Electronegative very-low-density lipoprotein induces brain inflammation and cognitive dysfunction in mice

Epidemiologic studies have indicated that dyslipidemia may facilitate the progression of cognitive dysfunction. We previously showed that patients with metabolic syndrome (MetS) had significantly higher plasma levels of electronegative very-low-density lipoprotein (VLDL) than did healthy controls. However, the effects of electronegative-VLDL on the brain and cognitive function remain unclear. In this study, VLDL isolated from healthy volunteers (nVLDL) or patients with MetS (metVLDL) was administered to mice by means of tail vein injection. Cognitive function was assessed by using the Y maze test, and plasma and brain tissues were analyzed. We found that mice injected with metVLDL but not nVLDL exhibited significant hippocampus CA3 neuronal cell loss and cognitive dysfunction.

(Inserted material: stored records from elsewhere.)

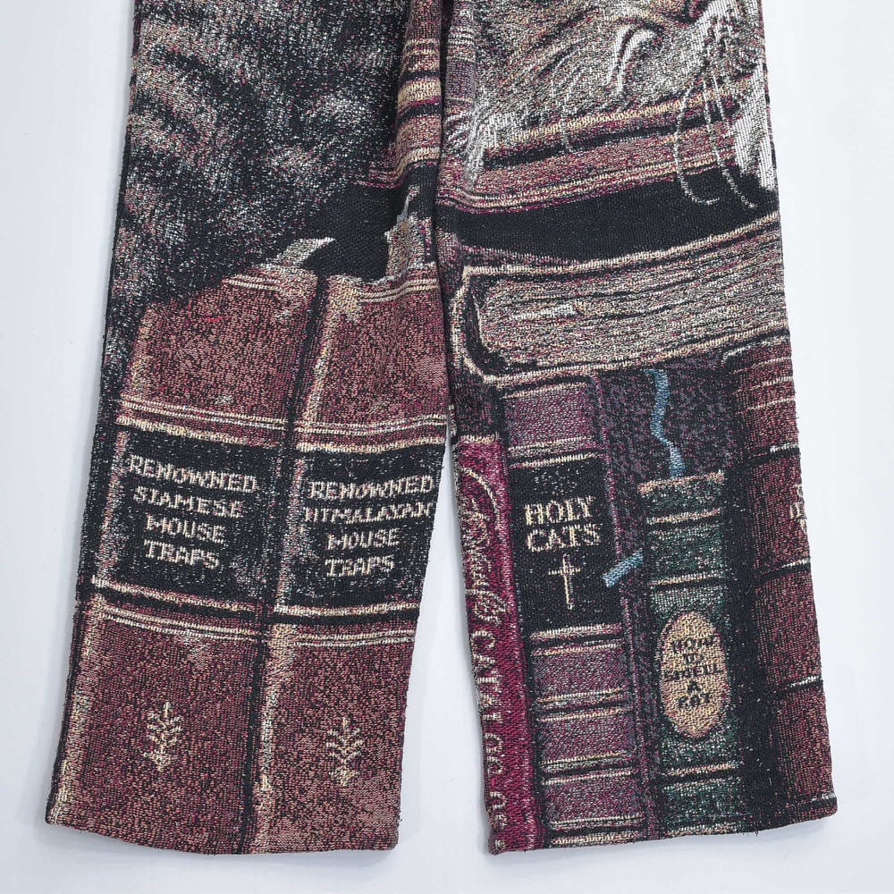 Remake リメイク ルーズシルエット ジャガード フクロウ ネコ デザイン ラグパンツ ブランケット パッチワーク イージーパンツ 再構築 コットン ブラック W66~105cm
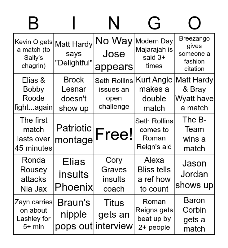 This bingo card has a free space and 24 words: Elias insults Phoenix, Braun's nipple pops out, Seth Rollins issues an open challenge, Zayn carries on about Lashley for 5+ min, Breezango gives someone a fashion citation, Kevin O gets a match (to Sally's chagrin), Elias & Bobby Roode fight...again, Matt Hardy says "Delightful", Seth Rollins comes to Roman Reign's aid, Cory Graves insults coach, Kurt Angle makes a double match, The first match lasts over 45 minutes, Alexa Bliss tells a ref how to count, Jason Jordan shows up, Brock Lesnar doesn't show up, Roman Reigns gets beat up by 2+ people, The B-Team wins a match, No Way Jose appears, Matt Hardy & Bray Wyatt have a match, Patriotic montage, Baron Corbin gets a match, Ronda Rousey attacks Nia Jax, Modern Day Majarajah is said 3+ times and Titus gets an interview.
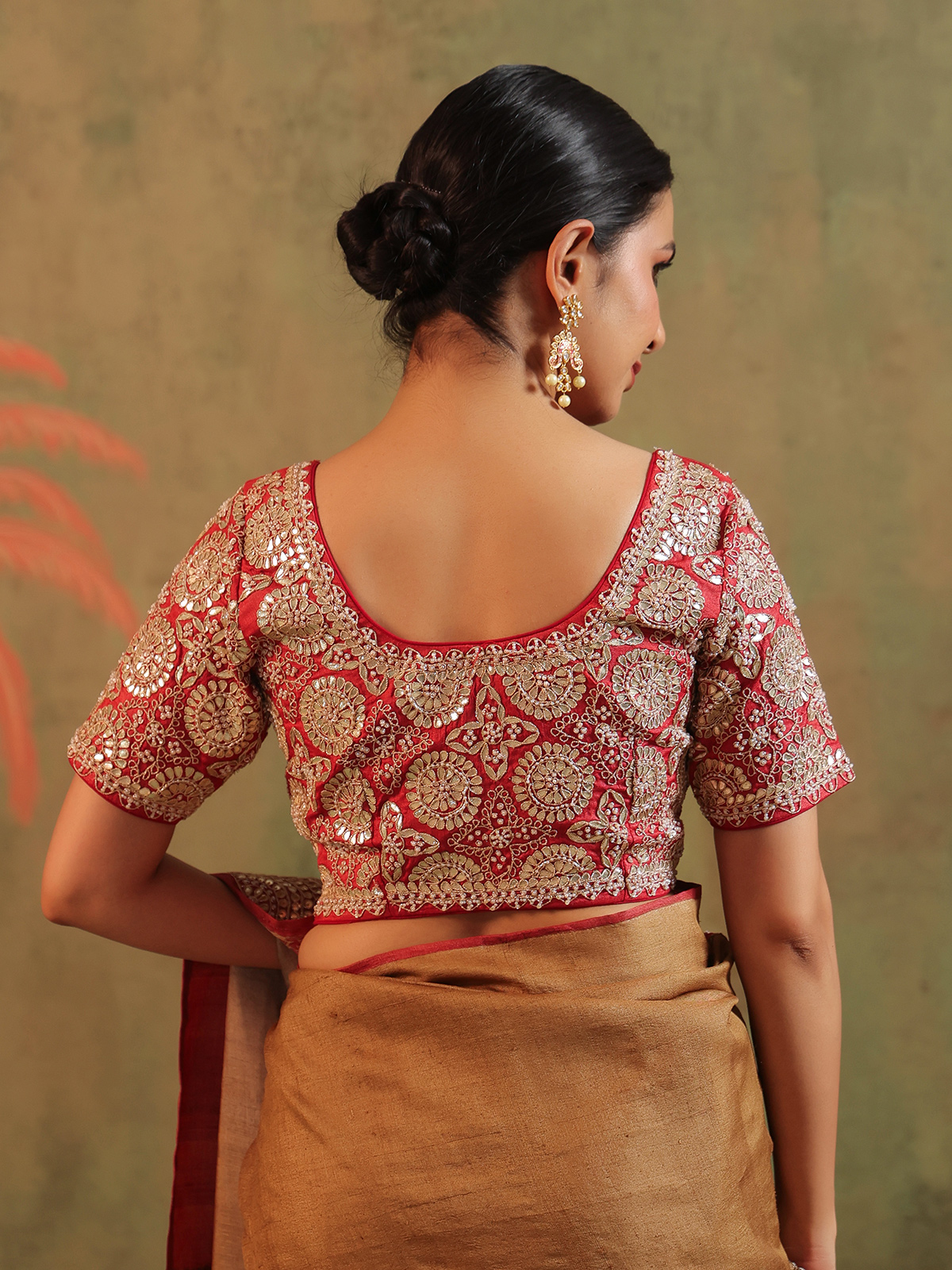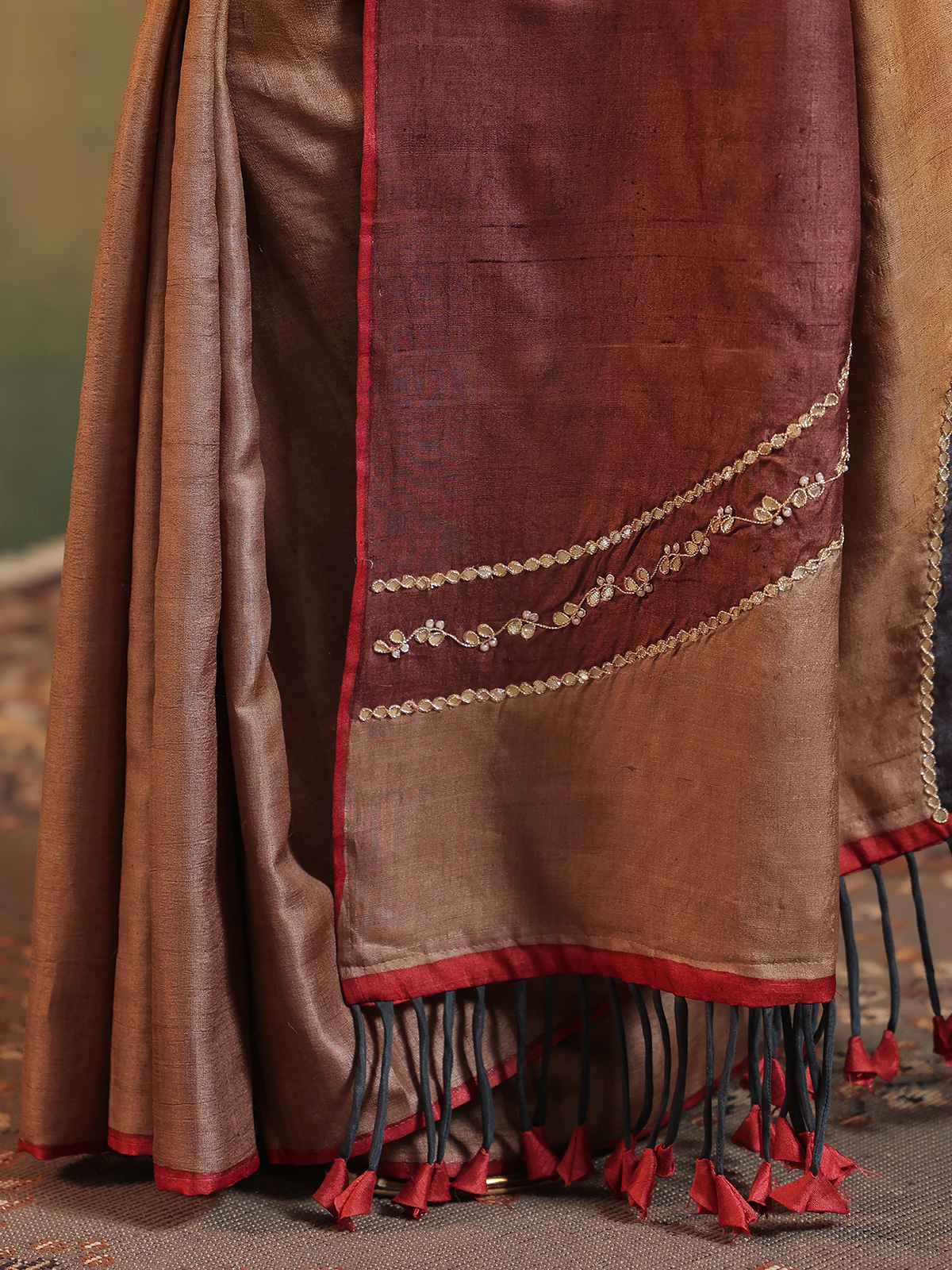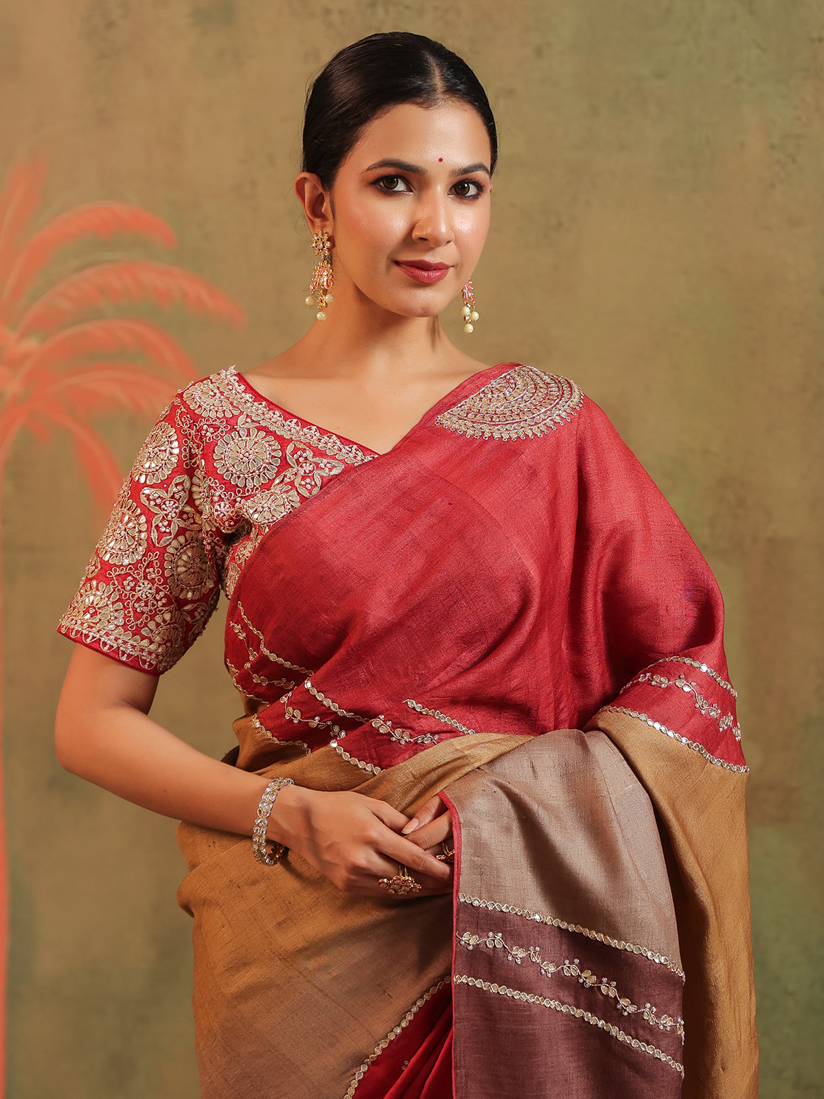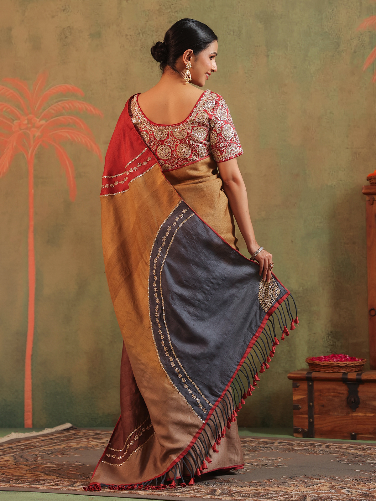 Grace rests in the muted elegance of this multi color silk saree, adorned with sequins, cutdana, zardosi and soft threads. A canvas of classic charm, it speaks through gentle glimmers and fine needlework. With its unstitched blouse piece, it is the perfect companion for wedding rituals and festive days steeped in sentiment.

In mice injected with nVLDL, we observed mild glial cell activation in the medial prefrontal cortex (mPFC) and hippocampus CA3. However, in mice injected with metVLDL, plasma and brain TNF-alpha and A beta -42 levels and glial cell activation in the mPFC and whole hippocampus were higher than those in control mice. In conclusion, long-term exposure to metVLDL induced levels of TNF-alpha, A beta -42, and glial cells in the brain, contributing to the progression of cognitive dysfunction. Our findings suggest that electronegative-VLDL levels may represent a new therapeutic target for cognitive dysfunction.

Automated summary

The study found that long-term exposure to electronegative VLDL from patients with metabolic syndrome can lead to increased levels of inflammatory factors and amyloid beta in the brain, affecting cognitive function.